Has anyone got a handy rhyme/mnemonic/other thing to help them remember the difference between Affect and Effect? It's not for me (really!) it is for a colleague, and I can't think of a quick way of doing it atm.
"When you affect something, it creates an effect"? I realize that it's not strictly true to say that affect is a verb and effect a noun, but the use of affect as noun and effect as verb are sufficiently rare that you could go with this as a broad rule of thumb.
Indeed ... and even working in Technical Documentation there are still members of my team that get it wrong.
I could go on, but anyone that understands, already understands, and anyone that doesn't, isn't about to be entertained by examples of effect and affect the other way around :-)

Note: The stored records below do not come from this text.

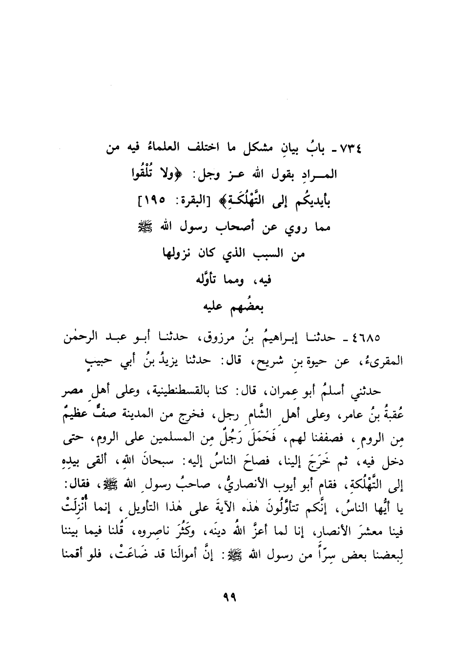 4685 - حَدَّثَنَا إِبْرَاهِيمُ بْنُ مَرْزُوقٍ , حَدَّثَنَا أَبُو عَبْدِ الرَّحْمَنِ الْمُقْرِئُ , عَنْ حَيْوَةَ بْنِ شُرَيْحٍ قَالَ: حَدَّثَنَا يَزِيدُ بْنُ أَبِي حَبِيبٍ حَدَّثَنِي أَسْلَمُ أَبُو عِمْرَانَ قَالَ: كُنَّا بِالْقُسْطَنْطِينِيَّةِ، وَعَلَى أَهْلِ مِصْرَ عُقْبَةُ بْنُ عَامِرٍ، وَعَلَى أَهْلِ الشَّامِ رَجُلٌ، فَخَرَجَ مِنَ الْمَدِينَةِ صَفٌّ عَظِيمٌ مِنَ الرُّومِ، فَصَفَفْنَا لَهُمْ، فَحَمَلَ رَجُلٌ مِنَ الْمُسْلِمِينَ عَلَى الرُّومِ حَتَّى دَخَلَ فِيهِ، ثُمَّ خَرَجَ إِلَيْنَا، فَصَاحَ النَّاسُ إِلَيْهِ: سُبْحَانَ اللهِ، أَلْقَى بِيَدِهِ إِلَى التَّهْلُكَةِ، فَقَامَ أَبُو أَيُّوبَ الْأَنْصَارِيُّ صَاحِبُ رَسُولِ اللهِ صَلَّى اللَّهُ عَلَيْهِ وَسَلَّمَ , فَقَالَ: " يَا أَيُّهَا النَّاسُ، إِنَّكُمْ تَتَأَوَّلُونَ هَذِهِ الْآيَةَ عَلَى هَذَا التَّأْوِيلِ، إِنَّمَا أُنْزِلَتْ فِينَا مَعْشَرَ الْأَنْصَارِ، إِنَّا لَمَّا أَعَزَّ اللهُ دِينَهُ، وَكَثُرَ نَاصِرُوهُ، قُلْنَا فِيمَا بَيْنَنَا لِبَعْضِنَا بَعْضٍ سِرًّا مِنْ رَسُولِ اللهِ صَلَّى اللَّهُ عَلَيْهِ وَسَلَّمَ: إِنَّ أَمْوَالَنَا قَدْ ضَاعَتْ، فَلَوْ أَقَمْنَا -[100]- فِيهَا، وَأَصْلَحْنَا مِنْهَا مَا قَدْ ضَاعَ، فَأَنْزَلَ اللهُ تَعَالَى فِي كِتَابِهِ يَرُدُّ عَلَيْنَا مَا قَدْ هَمَمْنَا بِهِ، فَقَالَ: {وَأَنْفِقُوا فِي سَبِيلِ اللهِ وَلَا تُلْقُوا بِأَيْدِيكُمْ إِلَى التَّهْلُكَةِ} [البقرة: 195] فَكَانَتِ التَّهْلُكَةُ فِي الْإِقَامَةِ الَّتِي أَرَدْنَا أَنْ نُقِيمَ فِي أَمْوَالِنَا وَنُصْلِحَهَا، فَأَمَرَنَا بِالْغَزْوِ، فَمَا زَالَ أَبُو أَيُّوبَ غَازِيًا فِي سَبِيلِ اللهِ حَتَّى قَبَضَهُ اللهُ تَعَالَى فَفِي هَذَا الْحَدِيثِ أَنَّ التَّهْلُكَةَ الْمَذْكُورَةَ فِي هَذِهِ الْآيَةِ هِيَ التَّهْلُكَةُ فِي الدِّينِ، وَالتَّهْلُكَةُ وَالْهُلْكُ وَاحِدٌ فِي كَلَامِ الْعَرَبِ، كَذَلِكَ حَدَّثَنَا وَلَّادٌ النَّحْوِيُّ، عَنِ الْمَصَادِرِيِّ، عَنْ أَبِي عُبَيْدَةَ، وَكَانَ مَعْنَى ذَلِكَ: أَنَّ مَنْ بَلَغَتْ حَالُهُ مِنْ تَرْكِ الْغَزْوِ وَالِامْتِنَاعِ مِنَ النَّفَقَةِ فِي سَبِيلِ اللهِ، كَمَا قَدْ كَانَتِ الْأَنْصَارُ عَلَيْهِ، ثُمَّ هَمَّتْ بِخِلَافِهِ، هَلَاكٌ -[101]- وَمِثْلُهُ مَا قَدْ رُوِيَ عَنْ رَسُولِ اللهِ صَلَّى اللَّهُ عَلَيْهِ وَسَلَّمَ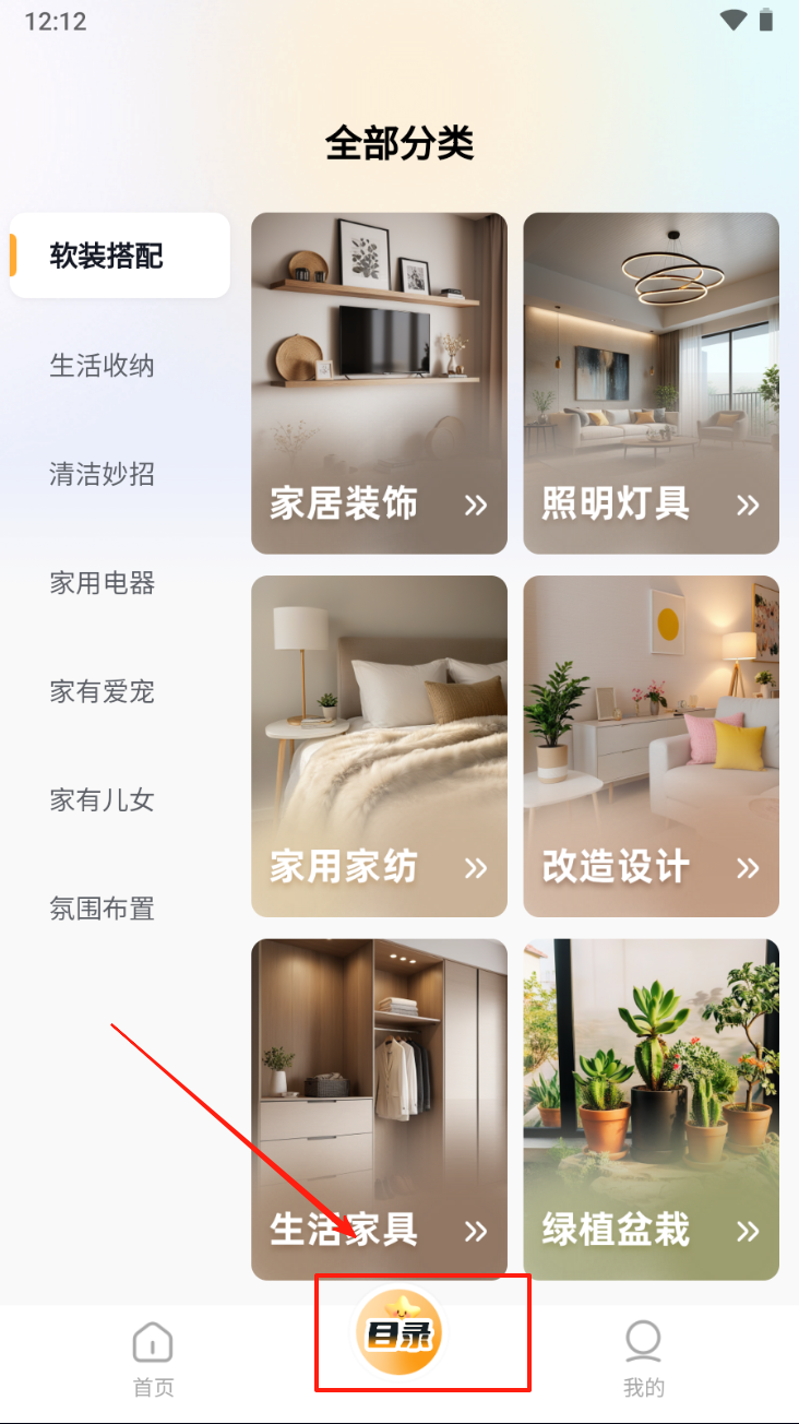 3、查看全部分类。点击“目录”按钮,浏览所有分类,如家居装饰、照明灯具等。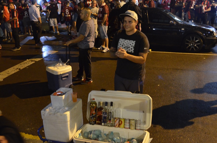 Um dos argumentos dos que são favoráveis à venda é de que, fora dos estádios, os torcedores bebem da mesma forma e com um agravante: muitos ambulantes vendem bebidas mais fortes do que a cerveja, como whisky, vodka e pinga sem qualquer fiscalização sanitária ou policial. Fotos enviadas ao blog, registadas em um jogo recente do Atlético Paranaense, confirmam: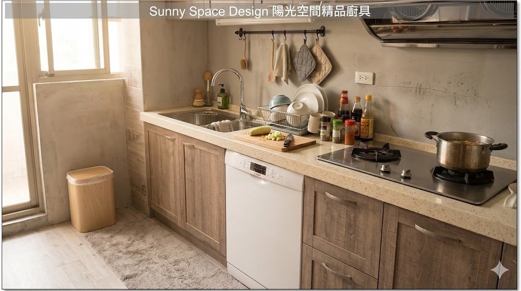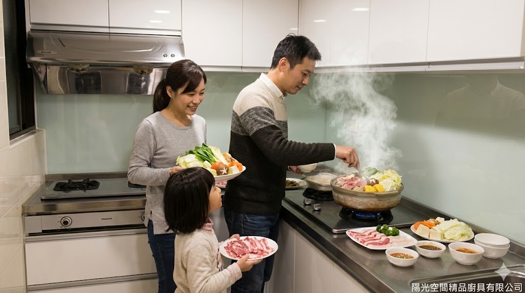 懷孕時期最需要的是一個讓媽媽能安心、爸爸能展現愛意的廚房。這套 L 型高效廚房結合出餐吧檯與三格電器櫃,真正做到「省力、好拿、好收」。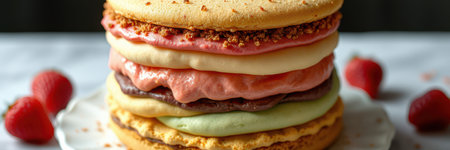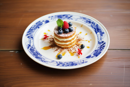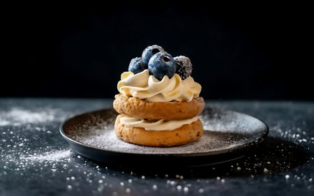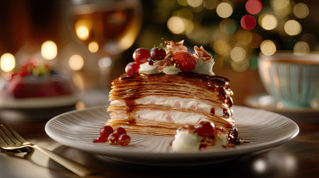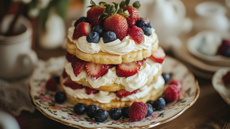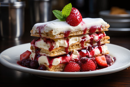 A delectable layered dessert featuring cream and fresh berries, elegantly served on a plate. Perfect for celebrations and special occasions.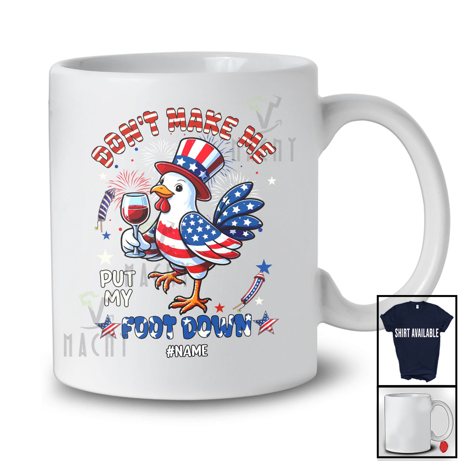 • Personalized Don't Make Me Put My Foot Down; Joyful 4th Of July Chicken; Custom Name Patriotic T-Shirt. This cotton t-shirt is a durable staple product with a classic fit. One of the most popular items, it has a relaxed style made for everyday and casual wear.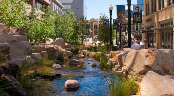 在植物的選擇上,應(yīng)該選用產(chǎn)生不通顏色、質(zhì)地、高度和陰影變化的植物,產(chǎn)生豐富和明亮的色彩,令購(gòu)物者心情愉悅?梢允褂酶哌_(dá)濃密的樹木,形成購(gòu)物者休息的綠洲般的環(huán)境。
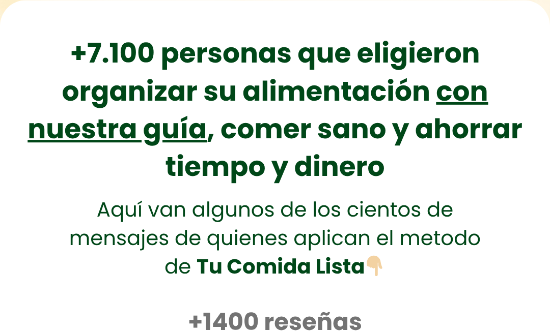 Sabemos que te va a encantar esta guía para tener Tu Comida Lista 🥰, por eso queremos que la pruebes sin preocuparte 🙌.

The problem is, "effect" is both a noun and a verb. ie: something can have an effect (noun). Or something can "be effected" or put into effect (verb, as in "made it happen").
Affect is just a verb. Something can be affected (a foreign accent, a hat). Or be affected (suffer the effects of).
But the short version is: Effected = done. Affected = influence/influenced.
As sushidog pointed out, "affect" is a noun too; indeed, reading this thread, it took me a degree of mental rearrangement to remember that it's a verb. This probably says something deeply disturbing about my internal model of the world (and reminds me to ask gmul to return my Yalom if he doesn't bring it along when he visits tomorrow).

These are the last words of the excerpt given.